ONU alerta para aumento da violência contra a mulher e MPPB expede recomendação a secretarias

O Ministério Público da Paraíba (MPPB) expediu uma recomendação à Secretaria de Estado da Segurança Pública e Defesa Social e à Secretaria Estadual da Mulher e da Diversidade Humana para que sejam adotadas, imediatamente, medidas frente ao possível aumento no número de casos de violência doméstica contra mulheres no período de confinamento social e crise econômica, decorrentes da pandemia do coronavírus.

A recomendação foi elaborada pelo Núcleo de Gênero do MPPB e visa atender ao alerta da ONU Mulheres (a Organização das Nações Unidas) sobre o fenômeno que tem sido registrado em outros países vitimados pela Covid-19.
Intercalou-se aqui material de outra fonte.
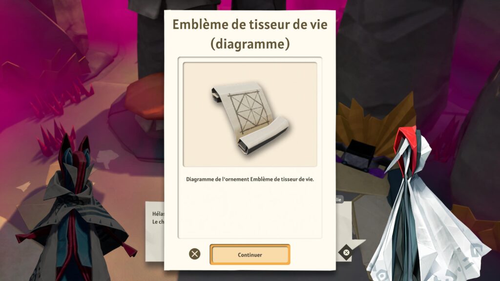 Reprenons le bon chemin pour vous donner encore plus de détails sur comment faire évoluer votre personnage. Pendant votre périple vous allez collectionner des parchemins. Vous allez pouvoir fabriquer des améliorations de compétences ou acheter des cœurs supplémentaires grâce à vos fragments récoltés pendant votre partie. Les parchemins, quant à eux seront échangés contres de beaux visuels et/ou des bandes sonores. Il est donc fortement conseiller de collecter le maximum de fragments, de coffres et de parchemins pour débloquer tous les artefacts possibles du jeu.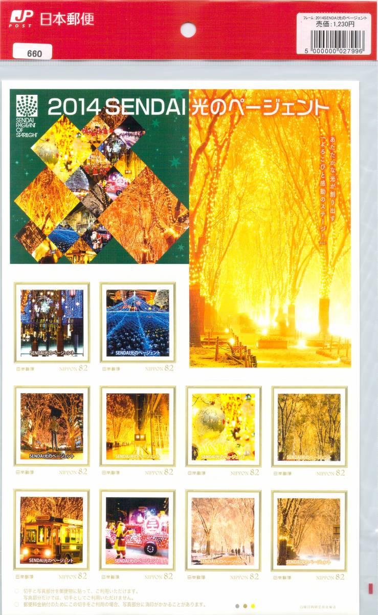 - 660★フレーム切手 2014SENDAI光のページェント 82円x10★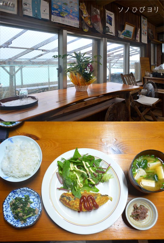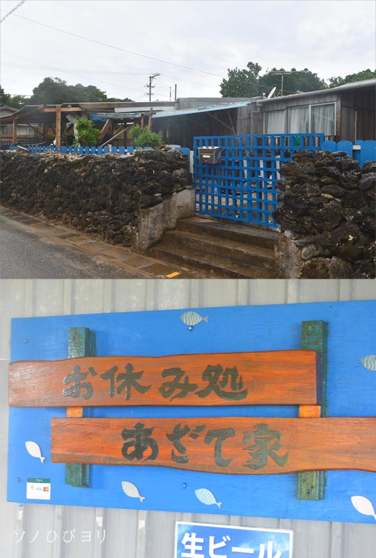 その「ある場所」とは、母家まで行くメイン通りの手前の青い家「あざて屋」さん。朝食のため母屋に行くには、その前を通らなければならない。とにかく注意深く、恐る恐る、家屋前のテラス席に人が居ないか確認して慎重に通過する。(なぜ、恐る恐るなのか、それはこの島では早朝から普通に呑んでいるからなのです。朝から捕まれば大変なことになる・苦笑)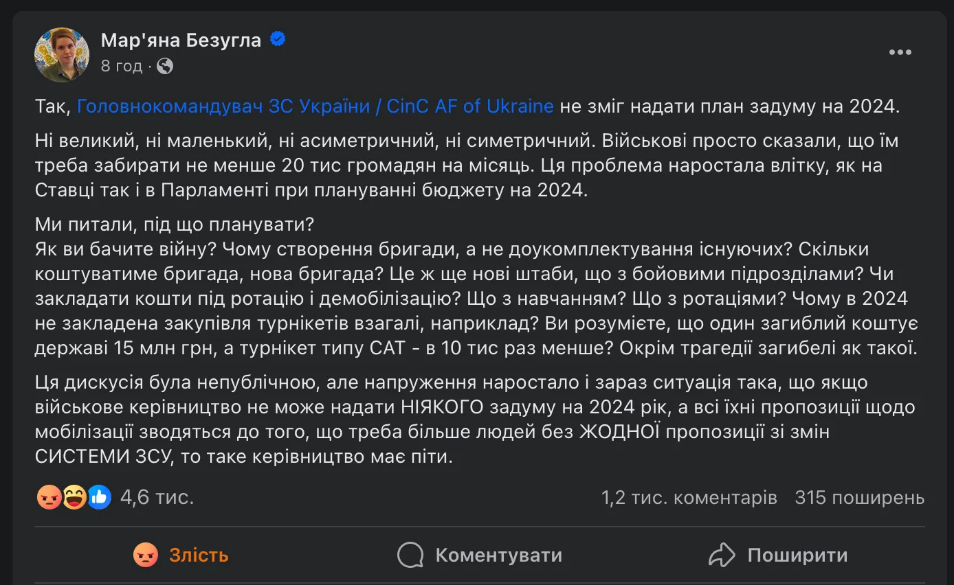 26 ноября Марьяна Безуглая написала в своем фейсбуке пост, который взбудоражил общественность. В нем обвинила Залужного в том, что не показал "план" на 2024 год, а также призвала военное руководство уйти. А уже 27 ноября в Верховной Раде зарегистрировали проект постановления об отзыве ее с должности заместителя главы Комитета по национальной безопасности, обороне и разведке.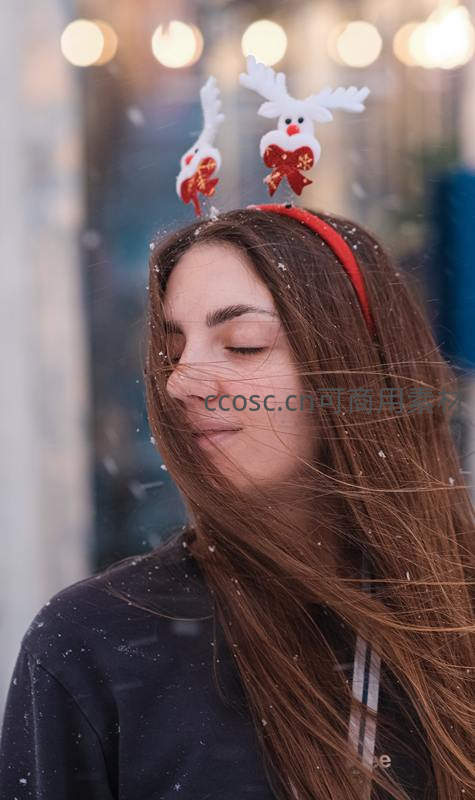 女孩头戴驯鹿造型红色发箍,长发随风轻扬,脸上带着恬静微笑,细雪飘落肩头,背景灯光朦胧,营造出浪漫温馨的节日氛围。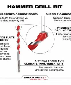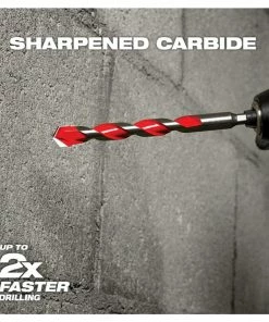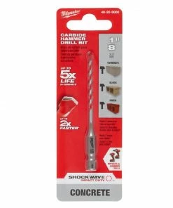 The MILWAUKEE® 1/8″ x 2″ x 3-1/2″ SHOCKWAVE™ Carbide Hammer Drill Bit uses sharpened carbide to deliver up to 5x longer life in concrete and up to 2x faster drilling into masonry material. Engineered with a precision ground tip, these bits deliver faster starts and less walking in concrete, brick, block, and masonry. The wide flute design removes dust faster, reducing heat and delivering more holes per charge. These carbide-tipped drill bits have a 1/4″ Hex Shank for versatility and are compatible with both impacts and hammer drills.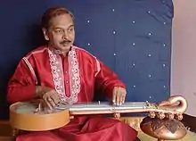 After inventing Ranjan Veena he researched with various instruments to come up with a unique instrument. It was named Triveni Veena, (Triveni meaning three rivers[2]) because it combines 3 materials (metal, wood and leather) and produces mixed tone of 3 instruments (Sarod, Veena and Guitar [1]). There are 4 melody strings, 2(right) + 4(left) Chikari strings to maintain Scale with Rhythm and 11 sympathetic strings. It is medium in size but produces a loud sound with long sustenance and sweet tone. It is played using a steel slide just like Hawaiian Guitar. On the Triveni Veena, an experienced musician, can play all the Indian Classical Instrumental techniques –Meed (Slide) Gamak, Krintan, Gitkari etc. and the fast Taans too.

O documento foi expedido nesta quinta-feira (26/03) e diz que as polícias civil e militar e o Corpo de Bombeiros devem manter os serviços presenciais de urgência e emergência, bem como os atendimentos virtuais e telefônicos, para atender as mulheres vítimas de violência doméstica.

Já a Secretaria de Mulheres do Estado deve atender à recomendação da ONU, considerando os serviços de prevenção e resposta à violência contra as mulheres como prioridades do Estado e adotando as medidas necessárias para garantir sua manutenção e regular funcionamento.

A recomendação ministerial diz ainda que a secretaria deve garantir o fornecimento dos insumos necessários à higiene pessoal das mulheres assistidas; a limpeza das instalações dos serviços de atendimento; a proteção individual das mulheres e dos colaboradores, além de fazer o monitoramento dos sinais e sintomas de doença, especialmente da infecção pelo coronavírus.

As duas secretarias têm 72 horas para encaminhar ao MPPB resposta sobre as medidas administrativas adotadas para o cumprimento da recomendação, sob pena de serem adotadas providências administrativas e judiciais cabíveis.

Dados preocupam

A recomendação foi assinada pelo procurador de Justiça Valberto Lira e pelos promotores de Justiça Rosane Araújo, Ismânia Nóbrega, Caroline Freire e Rogério Lucas, que integram o Núcleo de Gênero do MPPB. Para eles, a violência habitual contra a mulher representa números preocupantes que tendem a ser agravados com o isolamento social.

Os dados revelam que 95% dos feminicídios no Brasil são praticados por parceiros ou ex-parceiros das vítimas e 4,8% por parentes (pais, avós, irmãos e tios). Quanto à violência doméstica que não é seguida de morte, os maiores agressores também são cônjuges ou ex-cônjuges ou namorados e ex-namorados (responsáveis por 58% da violência, já os outros 42% são de responsabilidade dos pais, avôs, tios e padrastos), além disso, praticamente, 50% dos crimes de natureza sexual tem também como algozes os familiares da vítima.

Os membros do MPPB destacam que, segundo o Mapa da Violência 2018, a cada 17 minutos uma mulher é vítima de violência física; a cada 30 minutos há uma nova vítima de violência psicológica/moral; por dia há 8 casos registrados de violência sexual e; toda semana 33 mulheres são assassinadas por parceiros ou ex-parceiros, no país. “O ambiente doméstico/familiar é, portanto, cenário da violência contra a mulher. Os números citados foram colhidos em situações habituais, que não a do necessário confinamento recentemente adotado pelas autoridades públicas para conter a disseminação da covid-19. A recomendação ministerial foi expedida considerando como consequência das medidas de isolamento social, um aumento do número de ocorrência de casos de violência doméstica”, argumentaram os integrantes do Núcleo de Gênero do MPPB.